May 06, 2017 11:52 IST

The Modi-Shah definition of secularism is: India is a confident, resurgent Hindu, and therefore secular, country, says Shekhar Gupta.

If political history could be divided into epochs, Indira Gandhi's began in 1969, when she split the Congress, and ended in 1989, when Rajiv Gandhi lost power.

Two rising, political forces made this happen: Mandir and Mandal.

The Congress never quite recovered its elan, despite 15 years of power subsequently (one term under P V Narasimha Rao and two under Sonia Gandhi/Manmohan Singh).

The real power was shared in different phases by children of Mandir and Mandal, much in the fashion of rival teams sharing sessions in a cricket Test match. That epoch has now ended.

That post-1989 politics is over with the Bharatiya Janata Party's 325-seat victory in Uttar Pradesh and Yogi Adityanath's anointment as chief minister.

It isn't just one of those swings of the pendulum, and old rivals taking turns. This change is fundamental.

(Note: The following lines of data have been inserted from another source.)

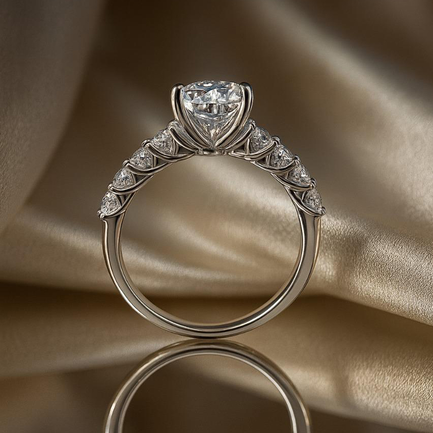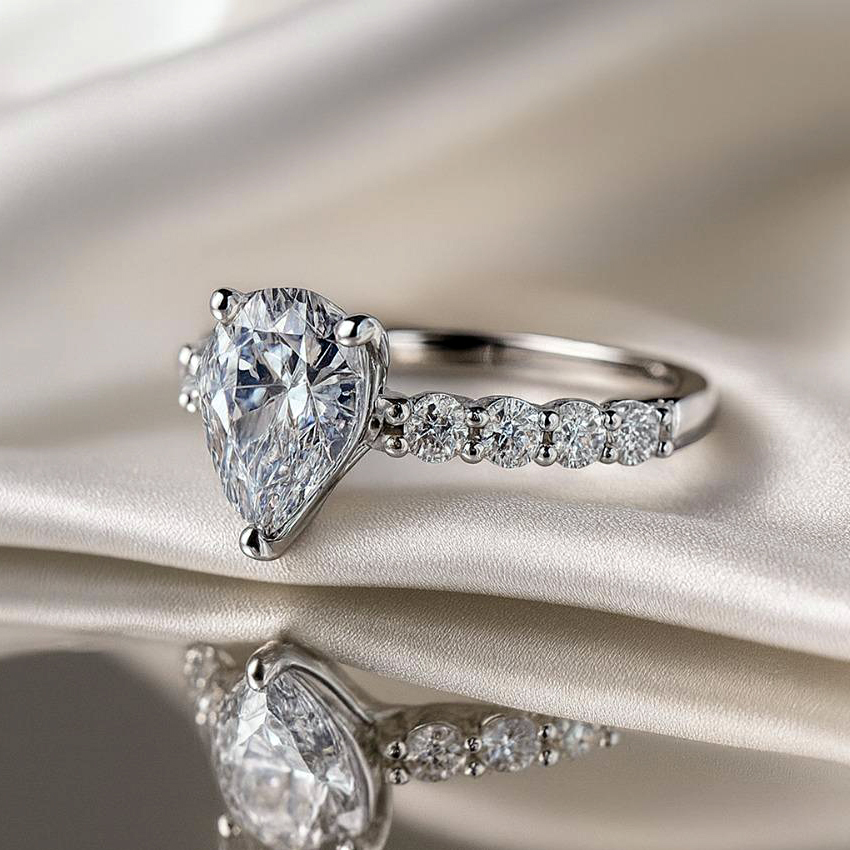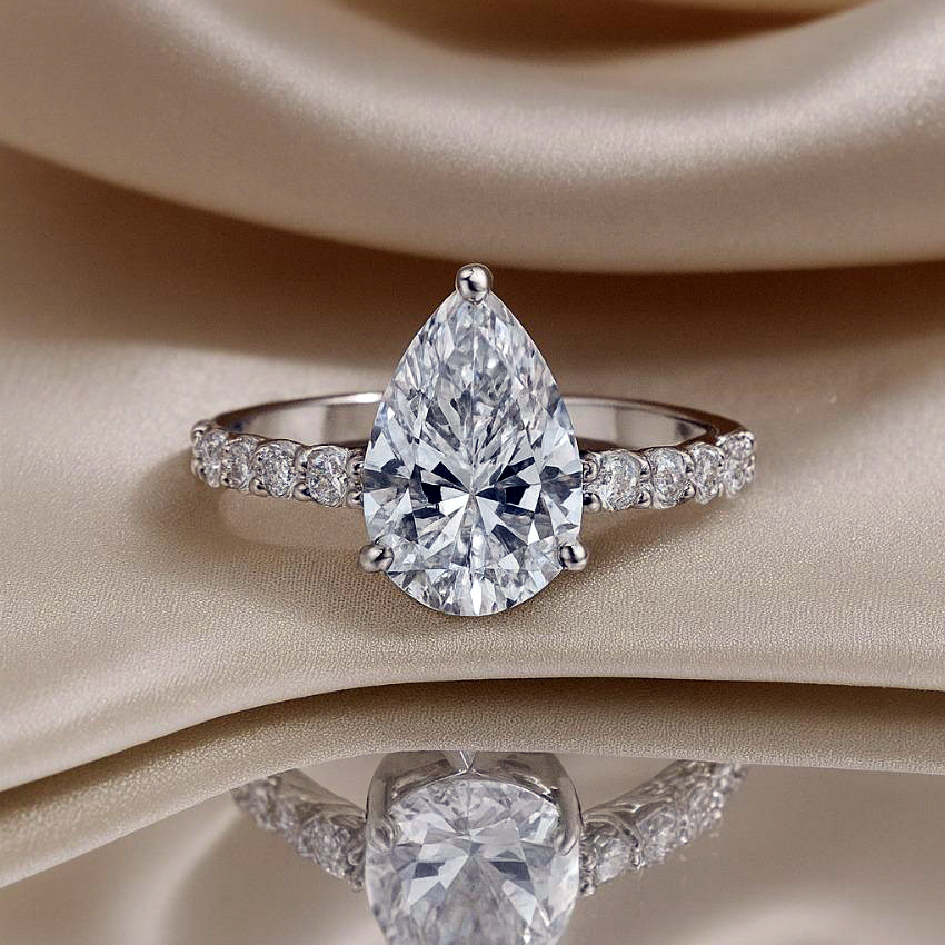 A striking pear-shaped Moissanite diamond set on a pavé 18k gold-plated band, crafted for luminous sophistication.
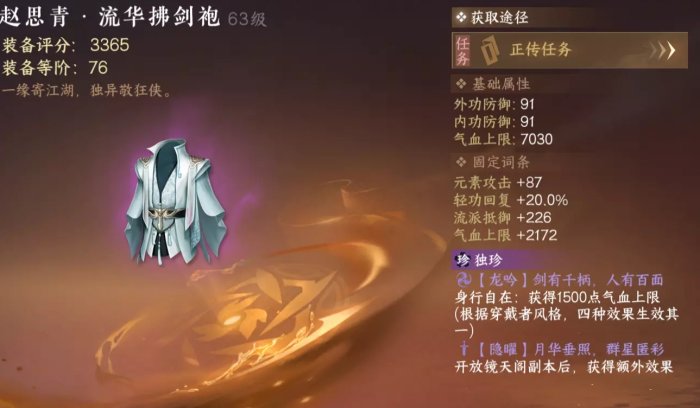 位置:谪仙岛(315.609)在山顶上,需要轻功飞上去,和叶凌云对话后,开启挑战击败即可获取第六件独珍装备【叶凌云··望帝怀雨带】,有一定难度,打不过可以组队。
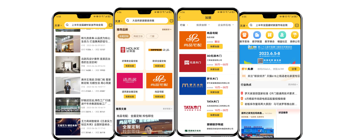 本届展会继续为客户提供“线下实体展台+线上实时联动”的双线展览模式。爱家帝是一款以社交方式获客的智能营销工具:分别有看店、看厂、看资讯、看展会、找加盟、找设计、文库、海报、制作文章、制作海报、制作宣传册、递名片、数据看板、私域圈、雷达、我的足迹、我的圈子和成员名片等功能模块。
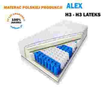 Materac Alex zbudowany jest z wysokiej jakości komponentów.  Środkiem materaca są sprężyny kieszeniowe 9 stref obłożone od góry i od dołu pianką wysoko elastyczną. Góra materaca zaliczana do kategorii  twardej H3 wyposażona jest dodatkowo w piankę lateksową umieszczoną na wierzchu. Dolna strona materaca zaliczana jest do kategorii H3 średnio twardej.
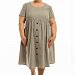 Платье из однотонного хлопка жаккард. С коротким втачным рукавом и овальным вырезом горловины. Спереди и на спинке фигурная линия отреза юбки. Юбка со сборкой, спереди застрочена складка, имитирующая застёжку на пуговицы. В боковых швах расположены карманы.
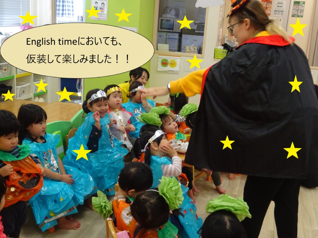それから、HOPPA草津若竹園では、毎週English timeを実施しておりますが、ハロウィンに因み、10月最後のレッスンの日には、衣装を着て参加しました。

It sets new rules in politics.

Old rules made the BJP give you Kalyan Singh and Rajnath Singh. The most diehard Left-liberals would have been greatly relieved to see one of their type in Lucknow than the Yogi.

New rules will end up giving you more of the Yogis.

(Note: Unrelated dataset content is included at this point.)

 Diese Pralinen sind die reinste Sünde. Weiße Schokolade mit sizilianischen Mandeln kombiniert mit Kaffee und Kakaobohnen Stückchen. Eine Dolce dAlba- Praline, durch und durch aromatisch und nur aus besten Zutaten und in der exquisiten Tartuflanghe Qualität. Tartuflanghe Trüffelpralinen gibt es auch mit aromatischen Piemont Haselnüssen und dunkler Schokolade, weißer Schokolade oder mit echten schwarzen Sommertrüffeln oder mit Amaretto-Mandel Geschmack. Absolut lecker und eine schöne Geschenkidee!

The old formula of aligning one or two dominant backward/scheduled castes with Muslims has been demolished by the Narendra Modi/Amit Shah electoral machine.

The Hindutva that fuels this rise is neither limited, nor symbolised by the Ram Mandir.

If anything, the temple is now taken en passant: A done deal, or what will become a reality soon enough with no effective -- political -- opposition and the Chief Justice of India offering mediation.

This is as good an indication you could have of the institutions conceding that a decisive political victory is won.

The suggestions that many Muslims, particularly women, voted for the BJP in Uttar Pradesh this time is a touching myth.

The fact is, the Samajwadi Party, the Bahujan Samaj Party and the Congress divided 50 per cent,/strong> of all votes among them against the BJP's 39.7 per cent.

There is no way that number could be achieved unless Muslims still voted overwhelmingly against the BJP.

It is the Hindus among the middle, backward and some scheduled castes who broke away from old battle lines and moved to the BJP instead.

They did not do it just because they want the temple built, cows protected, or more money for shamshan ghats (crematoria) than for kabristans (Muslim graveyards).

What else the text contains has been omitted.